Pimp your Town!

Das im Artikel eingebettete Video gibt einen Eindruck von den Möglichkeiten, Jugendparlamente und ähnliche Planspiele gewinnbringend zur politischen Bildung vor Ort einzusetzen.

Partizipation - bipar- Jugendparlamente Foto: SPÖ via flickr.com, Lizenz: CC BY-SA 2.0

„Pimp your Town!” ist der prägnante Titel eines Planspiels für Kinder und Jugendliche. Planspiele sind ein bewährtes Instrument zur Simulation komplexer gesellschaftlicher Zusammenhänge.

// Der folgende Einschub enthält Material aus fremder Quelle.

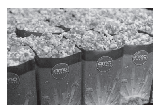
Figure 3: A fleet of large popcorn bags from AMC

I will start with the last genre because it seems like the most unlikely genre to impact someone's decision to buy anything. This is, however, the most basic selling concept of a movie theater. Think about the last time you went to a movie theater. Do you remember the smell of freshly popped popcorn when you entered the lobby? That is because concession employees pop a new batch of popcorn at the beginning of each set. This smell is of vital importance to the

Sie bieten spielerisch einen ernsthaften Zugang zu komplexen Themen und finden mittlerweile in vielen Kontexten Anwendung. In der politischen Pädagogik gibt es sie allen politischen Ebenen und für diverse Themenfelder. Bekannt ist beispielsweise das Schüler- und Studenten-Planspiel United Nations, in dem junge Menschen in mehreren Tagen Einblick in die Komplexität internationaler Verhandlungsprozesse bekommen und die eigenen diskursiven Fähigkeiten schulen. Sie nehmen die Rolle eines Delegierten ein und vertreten in Gremien und Arbeitsgruppen die Interessen des entsprechenden Mitgliedsstaats.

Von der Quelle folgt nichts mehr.